= Alexander Abiodun Adebayo Bada =

Alexander Abiodun Adebayo Bada (4 December 1930 - 8 September 2000) was the second Pastor of the Celestial Church of Christ (CCC), succeeding the founder Samuel Oshoffa in December 1985.

==Early life==
Bada was born on 4 December 1930. His father was the Baale, or viceroyal chieftain, of the Ago-Oba area of Abeokuta and the organist of the African Church, Ereko, Lagos, and Bada was brought up in this church.
Bada attended St John’s School, Iloro, Ilesa (1936–1942) and Ilesha Grammar School (1943–1949).
He began work with Nigerian Breweries in 1950 and was promoted to stock control supervisor in 1952.

==Church career==
In mid-1952 he met Superior Evangelist S. O. Ajanlekoko of the CCC, who profoundly influenced him.
He left his job to work full-time for the church, becoming a Senior Elder in 1954, Leader in 1955, Senior Leader in December 1960 and Evangelist in 1964.
On 24 December 1972 he became a Senior Evangelist, and on 25 December 1980 a Supreme Evangelist, the first person to attain this position which implied that he was next in rank to the pastor Samuel Oshoffa.

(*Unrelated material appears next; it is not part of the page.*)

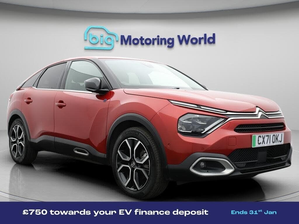 £750 towards your finance depo-Our Citroen e-C4 is finished in Red. Specification includes a range of fantastic features including £750 towards your finance deposit, Head up Display, 18'' alloy wheels, Leather Seats, Satellite Navigation, Privacy Glass, Heated Seats, Rear View Camera, Heated Steering Wheel, Bluetooth Specification information is supplied by CAPHPI and may vary to the actual car. This data does not form any part of a buying contact. Please check specification prior to purchase in-store. The MOT is valid until September 2026, visit bigmotoringworld.co.uk for more photos, a 360 tour, service history and a free HPI report.Were BIG on peace of mind and this Red Citroen e-C4 has completed our comprehensive 200 point inspection and passed all checks. Its ready for you to drive away with immediate collection in-store. We include a 90-day warranty as standard plus an option to extend for up to 3 years.Reserve this car exclusively for you, safely and securely at bigmotoringworld.co.uk, with a fully refundable £99 deposit. Test drive before you buy, with no commitment, no hassle and a completely haggle free experience. Still searching and want to see thousands more cars? We are BIG on choice with over 8000 cars to choose from.Visit our award winning web site bigmotoringworld.co.uk.Were Big Motoring World and were BIG on what matters to you.

When Oschoffa died on 10 September 1985 after a car crash without having defined a successor, several of his followers claimed the leadership, leading to a legal conflict that continued for many years.
However, the Board of Trustees announced that Bada was the new Pastor and spiritual leader at the annual CCC convocation on 25 December 1985. He was formally installed on 25 December 1987 at the CCC world headquarters at Imeko City in Ogun State, Nigeria, and led the church for the next 15 years.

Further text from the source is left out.